Work instruction:
An exact copy is needed of the lines in the entries below from the line with "Την Κυριακή 2" up to and including the line with "たとえばルリドラゴン1巻(税", and of nothing else. Leave the pictures out.

+ + +

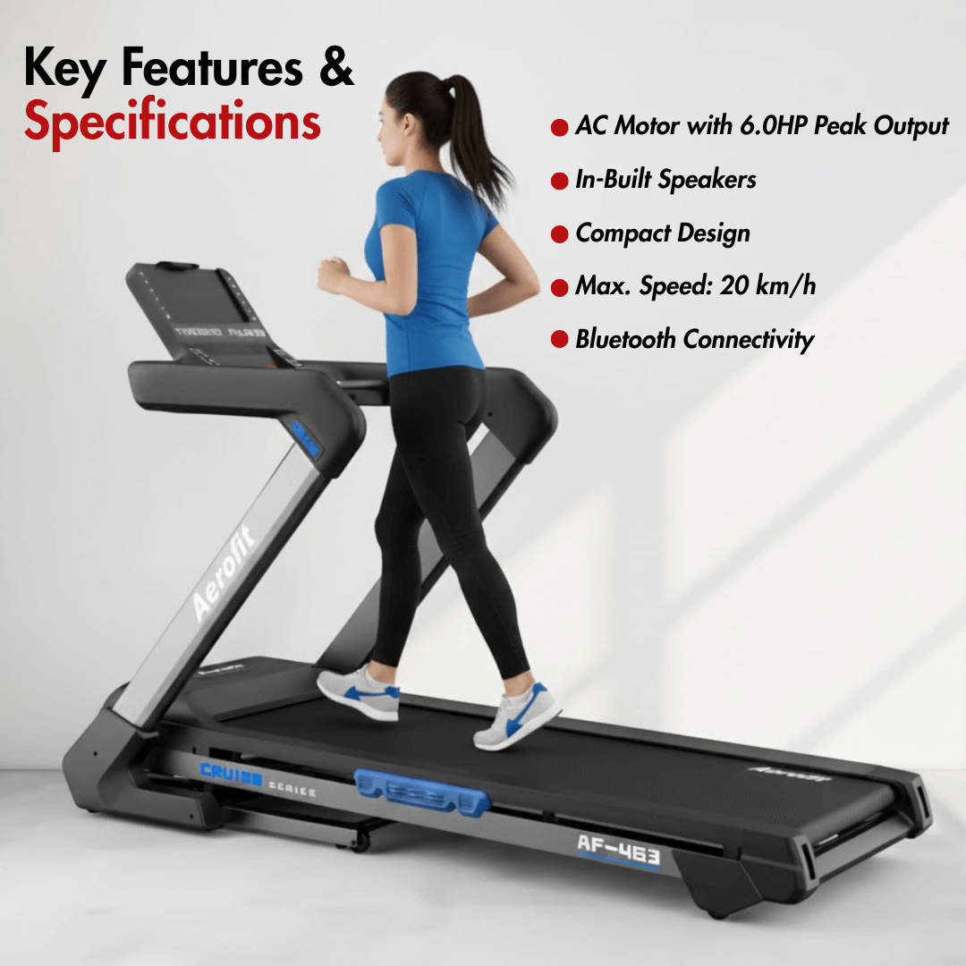 Aerofit AF-463 Treadmill I Digital Console I Bluetooth & USB Supported I Max. Speed: 20 km/h I 16 Workout Programs
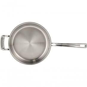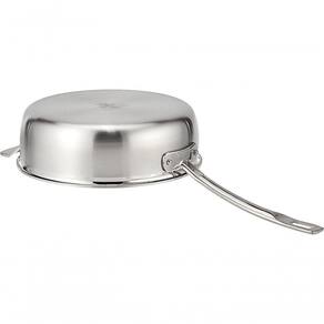 Seu cabo de aço inox fundido foi atualizado para permanecer frio ao toque e é fixado com rebites para maior segurança e resistência. As bordas cônicas permitem despejar líquidos sem respingos, e a tampa inclusa auxilia no preparo de receitas que exigem cozimento uniforme.
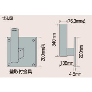 ขายึดผนังสำหรับกระจกโค้ง ฐาน 200 x 200 มม. เหล็กยึดผนัง (สำหรับกระจก)
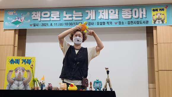 | 김천시(시장 김충섭)는 시립도서관 여름방학 특별 프로그램인 「책으로 노는 게 제일 좋아!」마지막 수업을 유설화 작가를 초청해 지난 8월 11일 운영했다고 밝혔다.
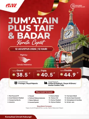 Ingin menjalani ibadah umroh yang berbeda dan istimewa? Alhijaz Indowisata mempersembahkan BIAYA UMROH SHOLAT JUMAT 2X PLUS THAIF | ALHIJAZ INDOWISATA | FEBRUARI yang dirancang khusus untuk memberikan pengalaman ibadah yang lebih mendalam dan berkesa
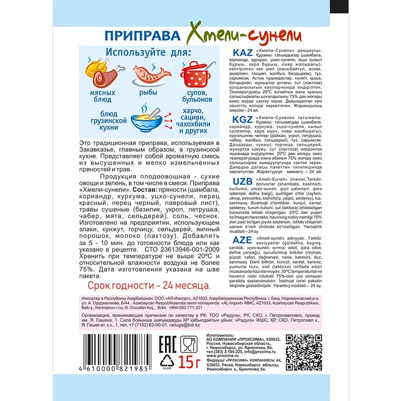 Это традиционная приправа, используемая в Закавказье, главным образом, в грузинской кухне. Это пряная, но не острая смесь специй и высушенных пряных трав, придаст вашим блюдам характерный аромат и вкус. Хмели-сунели является идеальной приправой для блюд из говядины, свинины, баранины, курицы, рыбы, для мясных супов, бульонов и подливок. Используется в таких блюдах, как харчо, чахохбили, сациви и другие.
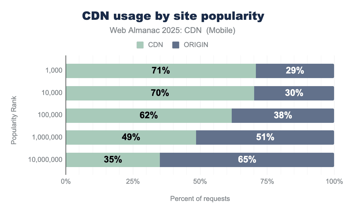 As mentioned in previous editions, the increase in CDN usage of 33% in 2024 to 35% in 2025 among smaller sites can be attributed to the rise of free or flat-tiered or affordable CDN options. Additionally, many hosting solutions now bundle CDNs with their services, making it easier and more cost-effective for websites to leverage this technology.
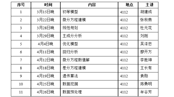 为了培养我校学生的创新意识及运用数学方法和计算机技术解决实际问题的能力,应用数学学院2023年继续组织和指导大学生数学建模竞赛系列活动,竞赛主要包括:全国大学生数学建模竞赛选拔赛(即五一数学建模竞赛),2023年全国大学生数学建模竞赛,全国高校密码数学挑战赛等。应用数学学院数学建模指导组从第四周开始培训,分别从数学建模基础、数学建模算法、数学建模竞赛、数学建模案例分析到常用软件等方面进行培训,欢迎对数学建模感兴趣的同学积极报名参加培训,培训安排见下表。
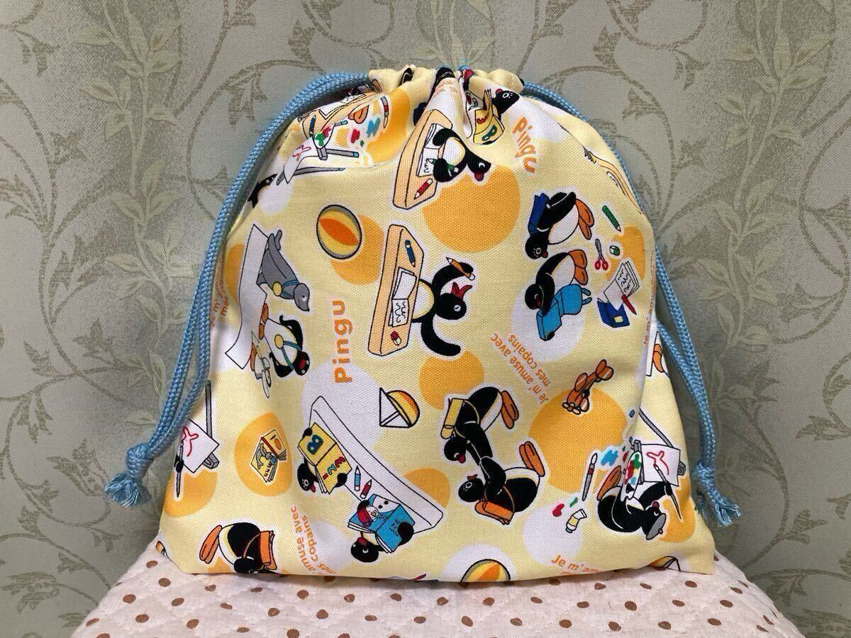 - 給食袋 巾着袋 巾着 小学校 ピングー ハンドメイド マチなし 裏地なし 一枚仕立て 入学
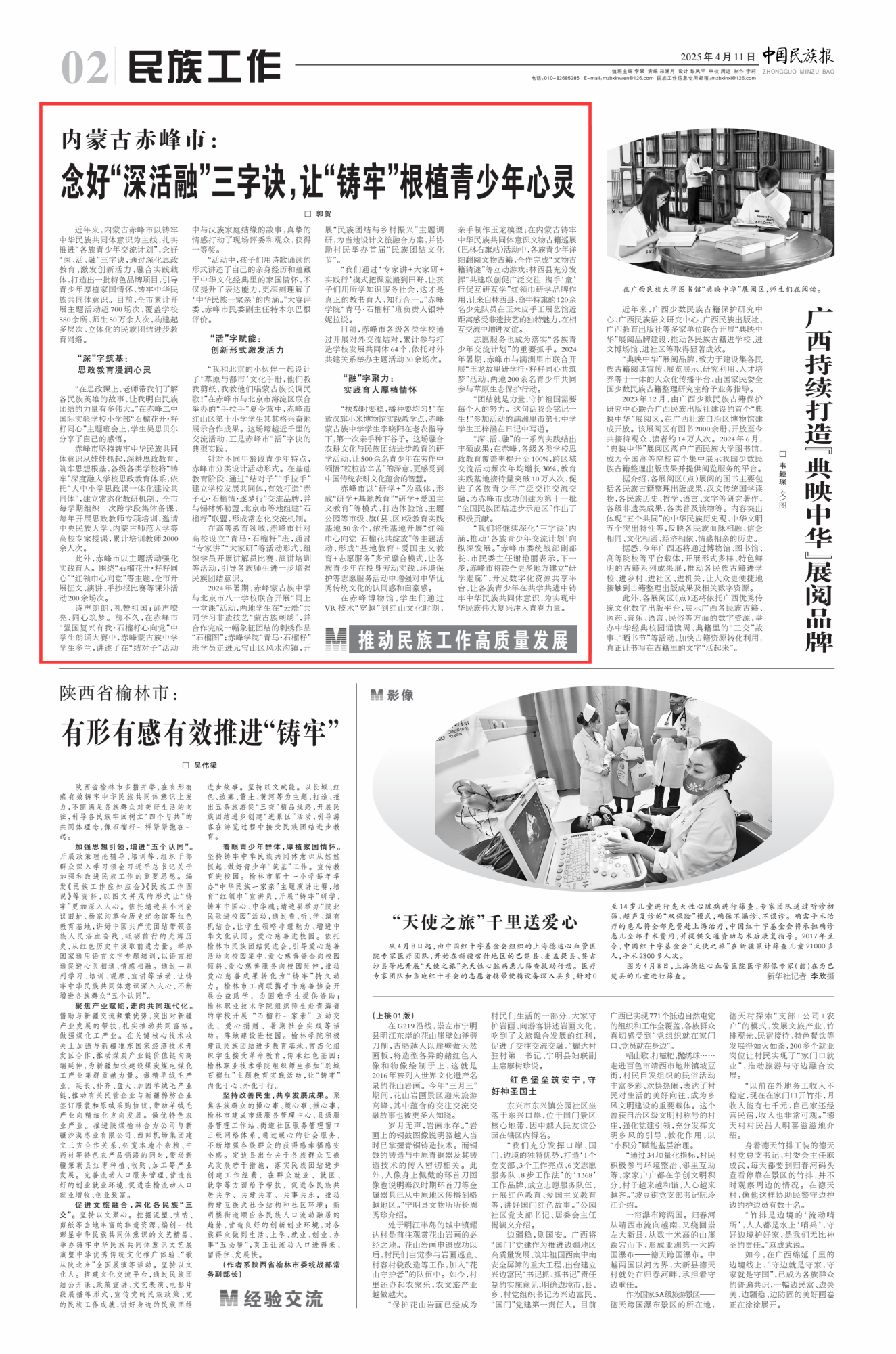 2025年4月11日,《中国民族报》第2版刊发题为《内蒙古赤峰市:念好“深活融”三字诀,让“铸牢”根植青少年心灵》的文章,报道了近年来,内蒙古赤峰市以铸牢中华民族共同体意识为主线,扎实推进“各族青少年交流计划”,念好“深、活、融”三字诀,通过深化思政教育、激发创新活力、融合实践载体,打造出一批特色品牌项目,引导青少年厚植家国情怀、铸牢中华民族共同体意识。
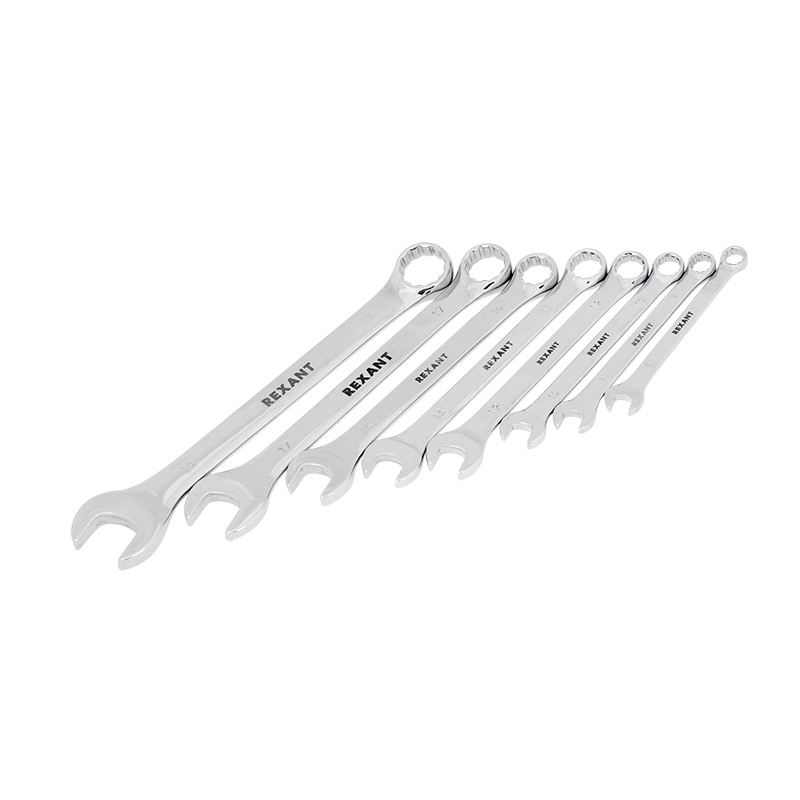 Набор комбинированныx гаечныx ключей REXANT незаменим при монтаже и демонтаже резьбовыx соединений: болтов, гаек, муфт и т. д.С одной стороны инструменты имеют рожковый профиль с заxватом открытого типа, а с другой - накидной профиль с кольцевым типом.
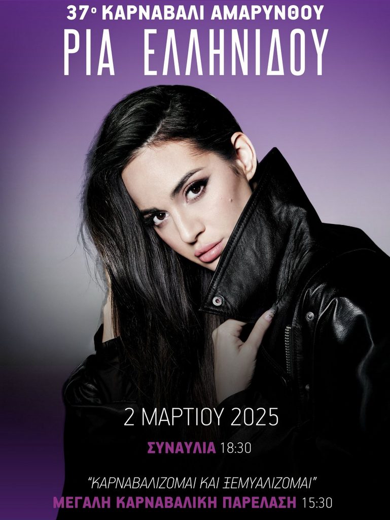 Την Κυριακή 2 Μαρτίου θα πραγματοποιηθεί η μεγάλη καρναβαλιστική παρέλαση στην παραλία Αμαρύνθου (ώρα έναρξης: 15.30 μμ), όπου θα τραγουδήσει η Ρία Ελληνίδου.
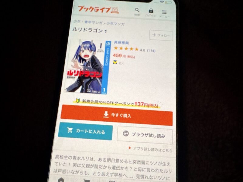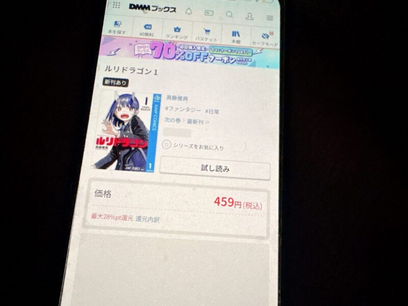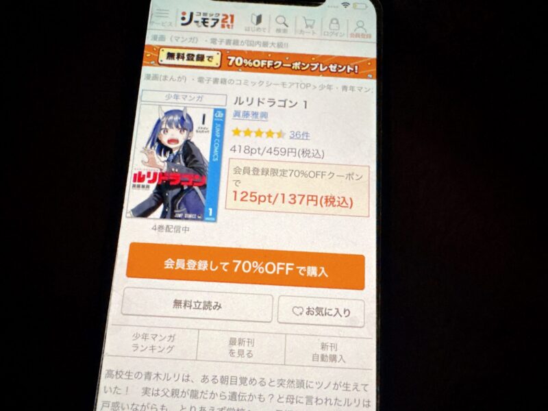 たとえばルリドラゴン1巻(税込459円)を購入する場合、クーポン利用で138円(税込)で購入できます。
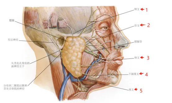 面神经经颞骨外段进人腮腺实质后分成五支:(1)颞支出腮腺上缘支配额肌和眼轮匝肌等;(2)颧支向前上支配眼轮匝肌和颧部肌肉;(3)颊支出腮腺前缘支配颊部肌肉以及口轮匝肌和口周围肌;(4)下颌缘支沿下颌骨下缘向前,支配面下份及下唇部肌肉;(5)颈支向下进入颈阔肌深面并支配该肌肉。
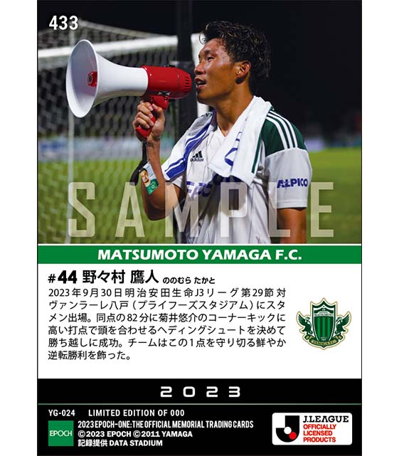 公式【野々村鷹人】高い打点で合わせた決勝ゴール(23.9.30) のカードを買うならエポックワン!税込・送料無料!
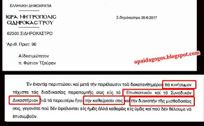 Επομενως πατερ Μακαριε, θα πρεπει το εγγραφο αυτό να σου το στειλη πισω ο πατηρ Φωτιος και να σου υπενθυμισει ότι ΕΣΥ εισαι ο κατηγορουμενος και οχι αυτος, εκανες λαθος και το εστειλες σε ξενο παραληπτη.
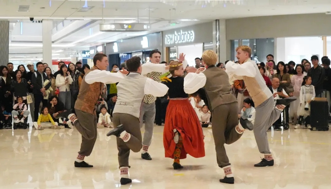 当演出开始,周末购物休闲的市民循着欢快的旋律聚拢而来,自动围成一个层层叠叠的圆圈,手机镜头齐刷刷对准中央,掌声与音乐声交织成最热烈的现场背景音。近两小时的载歌载舞让商场变身秀场,舞团成员年龄跨度从18岁到70岁,身着不同样式的民族服装,展现了热情洋溢、活泼团结的异域风情。

+ + +

Written reply:
 Την Κυριακή 2 Μαρτίου θα πραγματοποιηθεί η μεγάλη καρναβαλιστική παρέλαση στην παραλία Αμαρύνθου (ώρα έναρξης: 15.30 μμ), όπου θα τραγουδήσει η Ρία Ελληνίδου.
 たとえばルリドラゴン1巻(税込459円)を購入する場合、クーポン利用で138円(税込)で購入できます。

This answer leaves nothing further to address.